In the embodiment of the invention, the independent variables used for evaluating the target variable are obtained, wherein the target variable corresponds to one or more independent variables; evaluating the linear relation between the independent variable and the target variable by using a preset Pearson correlation coefficient model, and determining the linear correlation degree; under the condition that the target variable corresponds to a plurality of independent variables with linear correlation degrees higher than a preset correlation degree threshold value, the independent variable with the highest linear correlation degree is selected as a sample variable of the target variable, wherein the sample variable and the target variable are used as training data of a training target prediction model, and the target prediction model is used for analyzing the independent variables to determine the prediction variables, so that the purpose of screening the independent variables is achieved, the data volume of the training data required by the training of the training target prediction model is reduced, the technical effect of improving the training efficiency of the target prediction model is achieved, and the technical problem that the efficiency of determining the portrait of the consumer is low due to the fact that the independent variables for determining the portrait of the consumer cannot be screened is solved.

Drawings

The accompanying drawings, which are included to provide a further understanding of the invention and are incorporated in and constitute a part of this application, illustrate embodiment(s) of the invention and together with the description serve to explain the invention without limiting the invention. In the drawings:

FIG. 1 is a flow diagram of a variable screening method according to an embodiment of the present invention;

FIG. 2 is a schematic diagram of a variable screening apparatus according to an embodiment of the present invention;

fig. 3 is a block diagram of a computer terminal according to an embodiment of the present invention.

Detailed Description

In order to make the technical solutions of the present invention better understood, the technical solutions in the embodiments of the present invention will be clearly and completely described below with reference to the drawings in the embodiments of the present invention, and it is obvious that the described embodiments are only a part of the embodiments of the present invention, and not all of the embodiments. All other embodiments, which can be derived by a person skilled in the art from the embodiments given herein without making any creative effort, shall fall within the protection scope of the present invention.

It should be noted that the terms "first," "second," and the like in the description and claims of the present invention and in the drawings described above are used for distinguishing between similar elements and not necessarily for describing a particular sequential or chronological order. It is to be understood that the data so used is interchangeable under appropriate circumstances such that the embodiments of the invention described herein are capable of operation in other sequences than those illustrated or described herein. Furthermore, the terms "comprises," "comprising," and "having," and any variations thereof, are intended to cover a non-exclusive inclusion, such that a process, method, system, article, or apparatus that comprises a list of steps or elements is not necessarily limited to those steps or elements expressly listed, but may include other steps or elements not expressly listed or inherent to such process, method, article, or apparatus.

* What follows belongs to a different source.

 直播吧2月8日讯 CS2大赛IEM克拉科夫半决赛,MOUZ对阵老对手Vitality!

In accordance with an embodiment of the present invention, there is provided a variable screening method embodiment, it being noted that the steps illustrated in the flowchart of the figure may be performed in a computer system such as a set of computer-executable instructions, and that, although a logical order is illustrated in the flowchart, in some cases, the steps illustrated or described may be performed in an order different than presented herein.

Fig. 1 is a flowchart of a variable screening method according to an embodiment of the present invention, as shown in fig. 1, the method including the steps of:

step S102, obtaining independent variables for evaluating target variables, wherein the target variables correspond to one or more independent variables;

step S104, evaluating the linear relation between the independent variable and the target variable by using a preset Pearson correlation coefficient model, and determining the linear correlation degree;

and S106, under the condition that the target variable corresponds to a plurality of independent variables of which the linear correlation degrees are higher than a preset correlation degree threshold value, selecting the independent variable with the highest linear correlation degree as a sample variable of the target variable, wherein the sample variable and the target variable are used as training data for training a target prediction model, and the target prediction model is used for analyzing the independent variables to determine the prediction variables.

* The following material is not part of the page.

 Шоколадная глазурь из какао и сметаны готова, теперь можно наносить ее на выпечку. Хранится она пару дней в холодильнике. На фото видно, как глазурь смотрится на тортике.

The variable screening method can be used in an electronic commerce environment, and the consumer portrait is used for representing the consumption behavior of the user in the electronic shopping process.

In the above step S102, the target variable may indicate "whether the user purchases a certain product", and the argument may indicate "history browsing record of the user" or "history purchasing record of the user".

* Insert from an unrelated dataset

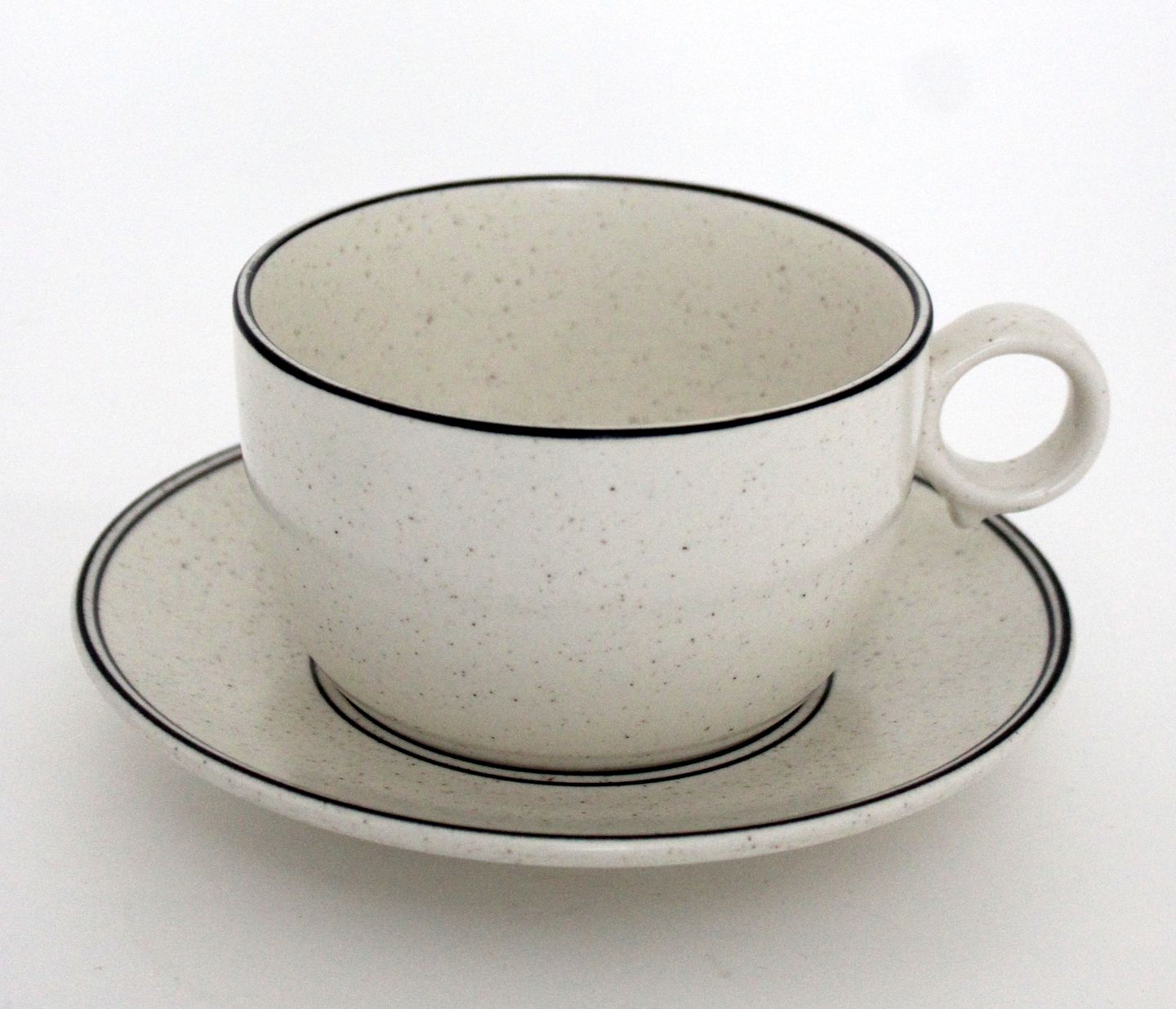 Gustavsberg senere Arabia, Birka, Tekop med underkop. Designet af Stig Lindberg. Produceret i perioden 1973-1987. Mærke: Gustavsberg Stengods VDN S555 Sweden, owen, table, dishwater. Mærke: Arabia Finland.

For example, if the user browses a certain product for a plurality of times, it indicates that the user has an intention to purchase the product, and therefore, the number of times the user browses the certain product is used as an argument, and whether the user purchases the product is used as a target variable, i.e., whether the user purchases the product can be predicted according to the number of times the user browses the certain product.

For another example, if the user browses a certain product for a long time, it indicates that the user has an intention to purchase the product, so that the browsing time of the user browsing the certain product is used as an argument, and whether the user purchases the product is used as a target variable, i.e., whether the user purchases the product can be predicted according to the browsing time of the user browsing the certain product.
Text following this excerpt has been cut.